Blanchot faz uma pergunta agostiniana: “Onde é o começo? É alguém ou alguma coisa que começa?”.[13] Ele nos ensaia uma resposta com Hegel, quando o “eu” já não pode falar por si mesmo, mas em forma de “nós”, como se fossem outros. O “eu” de então e o “eu” de agora. O “eu” do Eterno e não havia o Tempo, o “eu” na Criação de todos os Tempos.

Nos “Poèmes de Samuel Wood”, Forêts trata dessas “duas extremidades” do nosso percurso terrestre. A “dor de nascer”. A morte que, somente “os mortos, eles, sim, terminaram de morrer”.

O maestro Blanchot, o amigo Maurice nos apresenta em Les mégéres de la mer (1967) “Essa pátria inexistente” de Forêts, esse “País anterior” de um outro amigo de Louis-René, que em 1967 fundou juntamente com ele, Paul Celan, Jacques Dupin, entre outros, a revista L’Éphémere : o poeta-crítico-tradutor francês nascido em Tours, Indre-et-Loire, Yves Bonnefoy (1923).

O país que sonhei sob esse nome [o País Anterior], seria uma parte de nosso mundo, ou seja, qualquer coisa tão real quanto o lugar onde eu viveria com as mesmas árvores, as mesmas pedras. Ele, por exemplo, poderia ter uma de suas regiões num vale no meio daquela Itália central que, outrora, eu percorria. […] O país-anterior, no meu livro, no meu pensamento, é essencialmente, um devaneio sobre a linguagem.[14]

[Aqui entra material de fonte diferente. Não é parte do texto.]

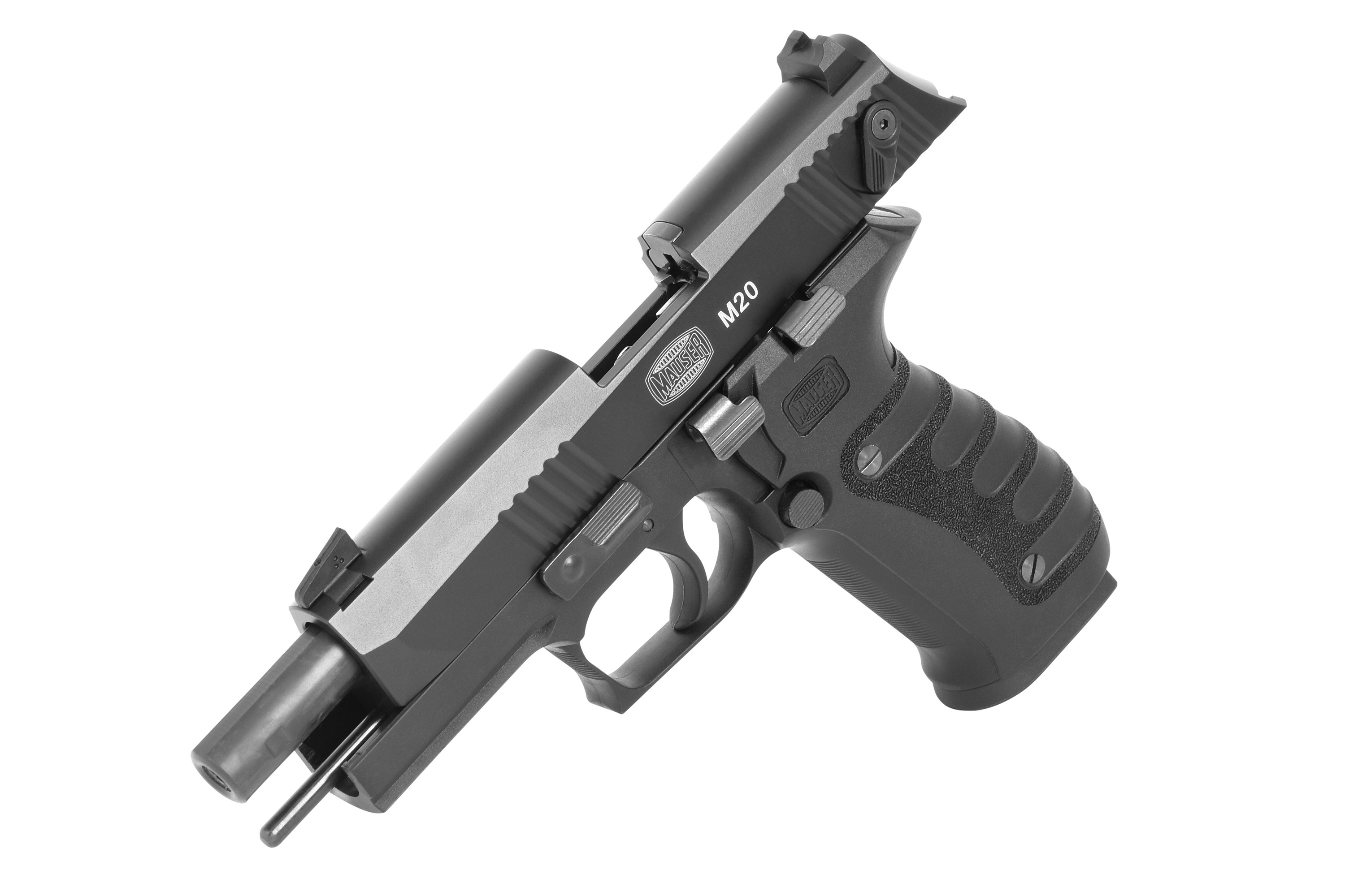 Die Mauser M20 verfügt über einen CNC gefrästen Aluminiumschlitten und ermöglicht somit den Einsatz auch schwächer geladener Standard-Munition bis hin zu HV Munition und deckt somit die ganze Bandbreite der unterschiedlichen Laborierungen ab. Ausgestattet mit einem ergonomischen Polymer Griffstück und schwarzen Kunststoff Griffschalen, Single – und Double-Action Abzug, Picatinny-Schiene zur Anbringung einer Brückenmontage, Metallmagazin, beidseitiger Flügelsicherung, Entspannhebel und einstellbarer Visierung.
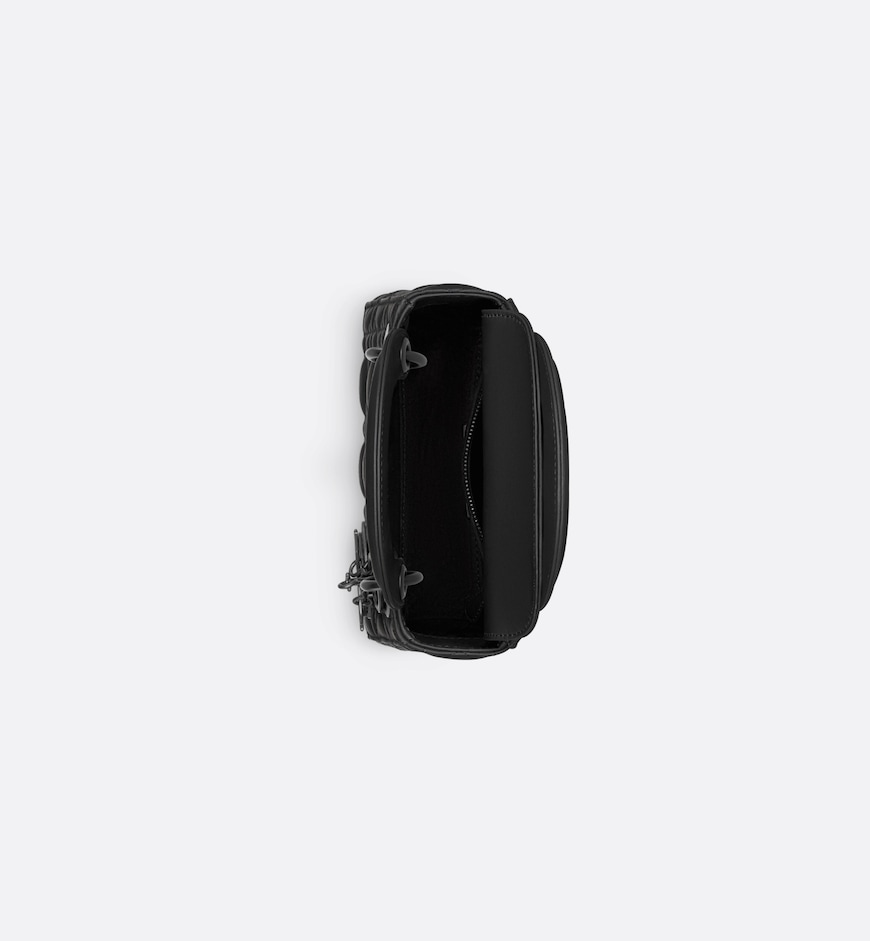 • The Lady Dior bag epitomizes the House’s vision of elegance and beauty. Sleek and refined, the timeless yet relevant style is crafted in black ultramatte calfskin with Cannage stitching, creating the instantly recognizable quilted texture. The tonal metal D.I.O.R. charms further embellish and illuminate its silhouette. Featuring a removable chain shoulder strap, the miniature Lady Dior bag can be carried by hand,
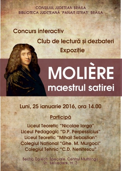 Biblioteca Judeţeană „Panait Istrati" Brăila organizează luni, 25 ianuarie 2016, ora 14.00, Concursul interactiv „Molière - maestrul satirei", la care participă elevi de la Liceul Teoretic „Nicolae Iorga", Liceul Pedagogic „D.P. Perpessicius", Liceul Teoretic „Mihail Sebastian", Colegiul Naţional „Gh. M. Murgoci", Liceul Tehnic „C.D. Neniţescu".

Esse “País Anterior” à linguagem, esse “filho arrancado de sua mãe”, “mátria”, “não pode portanto parar de nascer”: é condenado a uma “sentença de nascimento”.[15] Blanchot continua a perguntar-se – e na pergunta que encontra sua resposta se perfaz o Mito, já dizia André Jolles em Formas simples[16] –: “Por que não terminamos de nascer?”. E mais adiante nos apresenta a Anacruse.

Do termo grego anakrousis, nota ou sequência de notas que precedem o primeiro tempo forte do primeiro compasso de uma música. Blanchot faz soar em des Forêts que, “através da anacruse, se sustenta o silêncio daquilo que ainda se ouve ou vai ouvir-se naquilo que não se ouve”.[17] A “pergunta-resposta” mitológica de Jolles, o “País Anterior” de Bonnefoy complementam a melodia de Louis-René des Forêts no “lugar onde a criança que fui deixou suas marcas”, marcas “não daquilo que aconteceu”, alerta o maestro Blanchot, “mas do que jamais se passou”.[18] Da ficção.

A criança atormenta Louis-René des Forêts naquilo que “está prestes a nascer”, nesse “porvir”, “por vir” da escrita, que é tempo suspenso, sem Lei, e sem Pai, “escrevendo apenas para apagar o que já foi escrito”. Ou “a letra órfã do Pai ausente ou escondido do discurso” do filósofo francês nascido em Argel Jacques Rancière (1940) em seu Políticas da escrita.

Entre o sopro imaterial do oráculo e o sentido gravado na materialidade das coisas fica, é claro, o grande paradigma da Escritura confirmada pela encarnação. O que vem, duravelmente, realizar o resgate da letra e sustentar todos os sonhos de uma escrita mais que escrita é a encarnação cristã do Verbo, dando à letra seu espírito. Só um corpo vivo, um corpo que sofre, é capaz, em última instância, de garantir a escrita. Mas o grande  paradigma do resgate da letra também é o lugar do paradoxo reconhecido como verdadeiro. Somente o livro dá garantia que a verdade do livro foi apresentada pela carne. Somente as palavras vêm atestar que é mesmo escrita o que se realiza nas chagas de uma carne como no sopro do vento, nas estrias da pedra ou na estrada de ferro. Somente um excesso de escrita “morta” pode incluir a “voz viva” na escrita morta.[19]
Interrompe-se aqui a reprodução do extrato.